The data:
┏━━

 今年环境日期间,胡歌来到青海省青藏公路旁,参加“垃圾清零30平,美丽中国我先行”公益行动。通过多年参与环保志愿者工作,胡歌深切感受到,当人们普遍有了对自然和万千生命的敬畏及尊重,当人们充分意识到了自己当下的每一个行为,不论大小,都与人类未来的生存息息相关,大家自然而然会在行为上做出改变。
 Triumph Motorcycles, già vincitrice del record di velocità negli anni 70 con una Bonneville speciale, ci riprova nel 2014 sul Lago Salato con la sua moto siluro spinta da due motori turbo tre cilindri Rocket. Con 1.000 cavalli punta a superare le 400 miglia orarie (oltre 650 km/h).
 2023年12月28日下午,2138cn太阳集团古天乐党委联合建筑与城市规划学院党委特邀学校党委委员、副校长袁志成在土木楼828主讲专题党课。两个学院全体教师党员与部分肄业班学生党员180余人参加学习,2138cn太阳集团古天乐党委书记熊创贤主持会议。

┗━━
┏━━

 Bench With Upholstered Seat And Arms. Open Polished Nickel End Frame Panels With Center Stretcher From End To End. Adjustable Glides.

┗━━

Work request:
Starting with the line above that holds "Triumph Motorcycles, già" and stopping with the line that holds "2023年12月28日下午,2138cn", reproduce each line exactly, omitting all other lines.

Answer to the exercise:
 Triumph Motorcycles, già vincitrice del record di velocità negli anni 70 con una Bonneville speciale, ci riprova nel 2014 sul Lago Salato con la sua moto siluro spinta da due motori turbo tre cilindri Rocket. Con 1.000 cavalli punta a superare le 400 miglia orarie (oltre 650 km/h).
 2023年12月28日下午,2138cn太阳集团古天乐党委联合建筑与城市规划学院党委特邀学校党委委员、副校长袁志成在土木楼828主讲专题党课。两个学院全体教师党员与部分肄业班学生党员180余人参加学习,2138cn太阳集团古天乐党委书记熊创贤主持会议。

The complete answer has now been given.